Сидела на пеньке до тех пор, пока не продрогла.
На следующий день сразу же после обеда снова торопливо пробралась к пеньку. Здесь хорошо пригревало солнце, а главное — можно было снова взглянуть на город, хотя бы и так вот, издали, приобщиться к его жизни.
Она боялась училища, а выходит, это даже к лучшему, что ее затолкали сюда. Чем бы она занималась теперь дома! Сидела бы в своей одиночке среди четырех стен. На улицу в их новом районе не выйдешь, — сразу же окажешься у всех на виду, а здесь вон какое небо, облака и такая тишина! Совсем как на окраине города, где они жили, когда она была маленькая. А главное, здесь можно побыть одной, совсем одной! Только ведь ненадолго это — ее уединение, эти прогулки среди сосен. Ее все равно не оставят в покое, накажут. Как? Пусть наказывают. Хуже уже все равно быть не может.
— И чего ты все куда-то прячешься? — недоумевала Зойка. — Орут все, а у тебя голова болит?
Ты вообще какая-то дохлая… — Понимая, что она не сказала ничего утешительного, Зойка добавила сочувственно:
— Мало ешь потому что. Другие, видела, как едят?!
Ели здесь действительно здорово. И у них в восьмой группе — тоже. Сначала торт, потом селедку, фруктовый напиток, шоколад, затем копченую грудинку или сало. Эти продукты присылали девчонкам родственники. Те же из старших, кто посылок и передач не получал, заставляли делиться с ними младших.
— Конечно, такие, как Телушечка, в этом не нуждаются, — уточнила Зойка.
Богуславская и ее подруги, Дворникова и Лукашевич, слыли среди девочек аристократками.
Богуславской, по словам Зойки, мать посылала даже шампанское.
— Разрешают разве? Вино.
Зойка деловито подтянула свои бантики. Руки у нее были маленькие, красные, заветревшие.
— Никто, конечно, не разрешает. Видно, что навеселе, а как докажешь?
О Богуславской вообще рассказывали легенды, ею восхищались и… ее же боялись, ненавидели, терпеть не могли. Та же Зойка:
— Ишь, выкаблучивается! За маминой-то спиной… Попробовала бы сама.

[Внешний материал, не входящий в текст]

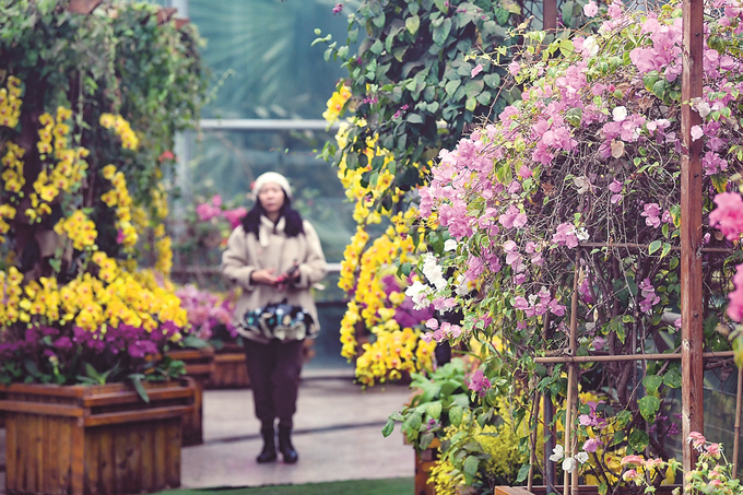 26日,南京中山植物園新春蘭花展開幕,兜蘭、捧心蘭、彗星蘭等多個品類的蘭花爭奇斗艷,營造出濃郁的新春氣息。圖為游客在南京中山植物園參觀新春蘭花展。 本報記者 邵丹 通訊員 秦亞龍 攝
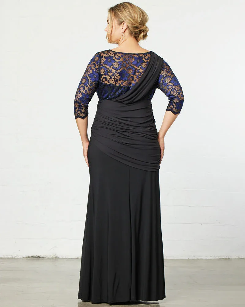 Наше вечернее платье Soiree - воплощение элегантности. Нежная сетка собирается поверх красивого V-образного выреза с фестончатым краем, создавая уникальную иллюзию одного плеча. Рукава длиной 3/4 добавляют комфорта и классического шарма этому вечернему наряду. Асимметричная заниженная талия и юбка-колокол создают привлекательный силуэт, подчеркивающий ваши изгибы. Это вечернее платье доступно исключительно в больших женских размерах.

Зойка многозначительно умолкала. Лишних разговоров она не любила, смущалась так, что краснело все ее белое личико и смешно надувались щеки.
Ритка почувствовала неприязнь к Богуславской с первого же взгляда, еще не обмолвившись с нею и словом. Кажется, и Богуславская к ней — тоже. Было такое впечатление, что Телушечка наблюдает за ней, чего-то выжидая. И это предчувствие не обмануло.
Богуславская выбрала момент, когда Ритка оказалась одна. В соседней группе, где жили штукатуры, пели украинскую «Ой ты, Галю». Пели негромко, проникновенно, и она заслушалась, задержавшись у окна в коридоре. Свет почему-то тут не горел, но из окон спальных комнат он падал на сосны, и, подсвеченные им, они напоминали театральные декорации.